When I called Officer Porterfield, who had been off duty at the time, she didn't understand what was happening or where I was until she called David to ask what was going on. Within a few minutes of me passing out, she arrived in plain clothes with her issued weapon drawn.

Kingston had broken two of my ribs, fractured my collarbone, gave me a concussion and bone bruises over my back, stabbed me in the shoulder, and I managed to break my wrist in one of my falls and stab the blade of my pocketknife all the way though my palm.

But I had also broken his arm in three places and the weed killer I had sprayed in his face seriously damaged one of his eyes, also I stabbed his hands, not to mention nailed him for murdering my mother and for attempting to do the same to me.

So, I felt a little proud of myself, even though it was becoming clear to me that Amy and David were, decidedly, less so.

I knew that after how upset they seemed to be when I just talked to my mother's former drug dealer, with Amy especially incensed in particular, that meticulously planning and confronting her actual killer in order to obtain a recording of his confession would go over even worse, and the fact that it had landed me in the hospital probably didn't help matters.

The first few nights, when the painkillers dripping from my IVs kept my eyelids heavy and my thoughts hazy whenever I wasn't speaking to the police or telling nurses what hurt and what didn't, they were quiet and hovering in my room with concerned creases etched into their expressions. Amy kept her arms crossed around herself every time she spoke to the doctor about my snapped bones or the bruises she worried hinted at internal bleeding, and there had been a handful of times I woke up in the middle of the night and felt the warmth of her hand on my arm, careful of the tubes and the bandages stuck to my skin.

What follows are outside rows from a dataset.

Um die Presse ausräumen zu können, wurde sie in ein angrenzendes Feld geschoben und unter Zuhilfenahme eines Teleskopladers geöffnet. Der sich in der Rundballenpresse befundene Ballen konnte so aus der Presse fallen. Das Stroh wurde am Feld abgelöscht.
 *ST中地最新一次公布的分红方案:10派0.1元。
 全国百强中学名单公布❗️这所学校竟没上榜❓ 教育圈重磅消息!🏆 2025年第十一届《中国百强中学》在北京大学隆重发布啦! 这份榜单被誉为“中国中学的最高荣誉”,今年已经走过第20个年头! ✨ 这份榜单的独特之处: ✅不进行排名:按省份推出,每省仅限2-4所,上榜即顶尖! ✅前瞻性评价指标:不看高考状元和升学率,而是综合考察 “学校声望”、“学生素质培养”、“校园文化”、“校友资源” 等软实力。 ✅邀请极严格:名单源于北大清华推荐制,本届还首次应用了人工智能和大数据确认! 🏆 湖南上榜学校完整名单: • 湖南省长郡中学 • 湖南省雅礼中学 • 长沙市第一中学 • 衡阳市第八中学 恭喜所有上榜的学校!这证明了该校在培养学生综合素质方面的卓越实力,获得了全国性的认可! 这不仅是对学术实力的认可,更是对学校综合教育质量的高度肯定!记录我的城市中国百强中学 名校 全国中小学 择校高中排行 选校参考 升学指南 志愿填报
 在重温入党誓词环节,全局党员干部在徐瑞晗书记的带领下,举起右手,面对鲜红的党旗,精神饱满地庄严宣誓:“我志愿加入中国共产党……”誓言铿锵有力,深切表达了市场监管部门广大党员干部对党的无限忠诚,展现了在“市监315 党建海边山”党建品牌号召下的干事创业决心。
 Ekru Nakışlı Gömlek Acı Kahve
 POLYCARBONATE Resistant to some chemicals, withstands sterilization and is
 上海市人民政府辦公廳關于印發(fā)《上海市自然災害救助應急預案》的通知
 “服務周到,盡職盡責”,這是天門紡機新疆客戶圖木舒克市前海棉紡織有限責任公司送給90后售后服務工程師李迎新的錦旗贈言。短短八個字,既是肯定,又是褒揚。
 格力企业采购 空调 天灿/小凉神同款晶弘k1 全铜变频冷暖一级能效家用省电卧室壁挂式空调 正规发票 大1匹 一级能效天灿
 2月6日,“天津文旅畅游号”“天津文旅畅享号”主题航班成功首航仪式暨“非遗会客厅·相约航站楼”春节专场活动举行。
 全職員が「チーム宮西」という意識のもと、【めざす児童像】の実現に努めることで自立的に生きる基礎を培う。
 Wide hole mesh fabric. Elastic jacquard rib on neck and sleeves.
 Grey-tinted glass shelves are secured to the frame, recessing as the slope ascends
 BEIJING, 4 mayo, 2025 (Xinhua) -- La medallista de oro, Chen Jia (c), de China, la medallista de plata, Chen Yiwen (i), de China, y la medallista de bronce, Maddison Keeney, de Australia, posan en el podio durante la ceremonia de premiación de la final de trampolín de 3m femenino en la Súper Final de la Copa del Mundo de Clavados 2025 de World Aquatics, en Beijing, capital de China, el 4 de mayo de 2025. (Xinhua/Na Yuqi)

She had been staying in the hospital room with me, sleeping on the recliner and brushing her teeth in the adjoining bathroom, asking me what I wanted to eat or coaxing me to drink more. David went back at night, lingering in the room for a few moments after he said that he needed to head back, and once he reached out and gently grasped my ankle.

It was after I managed to convince Amy to tell the doctor to stop the sedative painkillers—informing them both that I preferred the pain to the mental numbness I associated all too well with my mother on our futon with hair obscuring her face from me but I didn't need to look to know that she had taken something—that Amy and David started to let their disappointment slip into their eyes and their lips pressed thin together.

Or maybe that was just when I started to notice it, how their hands were kept close to their mouths like they wanted to keep it from me, the sighs that woke me up and the stares that they held for a second after I noticed.

It wasn't until my wrist had been set with a cast when the swelling had gone down—the plaster wrapped in a peach-ish colored shell, unsigned although according to Amy, Danny was looking forward to writing his name down on it—and I was interviewed by the police again that the subtle looks started to really bother me.